Thanks for the info Chief. You got a great deal.


----------



## slipshod (Sep 19, 2003)

*My Battery did the same thing*

I looped a piece of plastic 4 mil over the top and hold it with a large rubber band,open on both sides. It keeps the battery juice on top of the battery. Clean it when I wash the machine not everytime I use the tractor.


----------



## Live Oak (Dec 22, 2003)

That is a good idea slipshod.

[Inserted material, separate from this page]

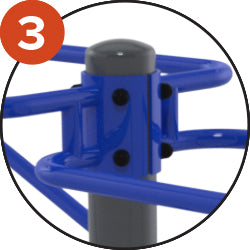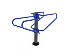 Classic parallel bars. 1.88 m long × 0.79 m wide × 1.40 m high. Anchored to the ground. Made of galvanized steel and painted blue and gray with anti-corrosion protection. Two usable bar heights: 1.2 m or 1.3 m. PVC covers conceal screws and nuts for added safety.

I will have to give that a try.


----------



## johndeere (Sep 17, 2003)

I run a 4410 with a 72'' MMM with FWA turf tires at work during the mowing season.It has 2 full seasons on it.I have never noticed the battery problems.But I will bring it to the attention before next season.Something that bugs me about it and would really bug me if I owned it.Is the exaust blowing on the front wheel rim and turning it black.The only problem so far is one of the front deck hanger braket broke but that is from mowing ditched I feel.Put it in a bind.


----------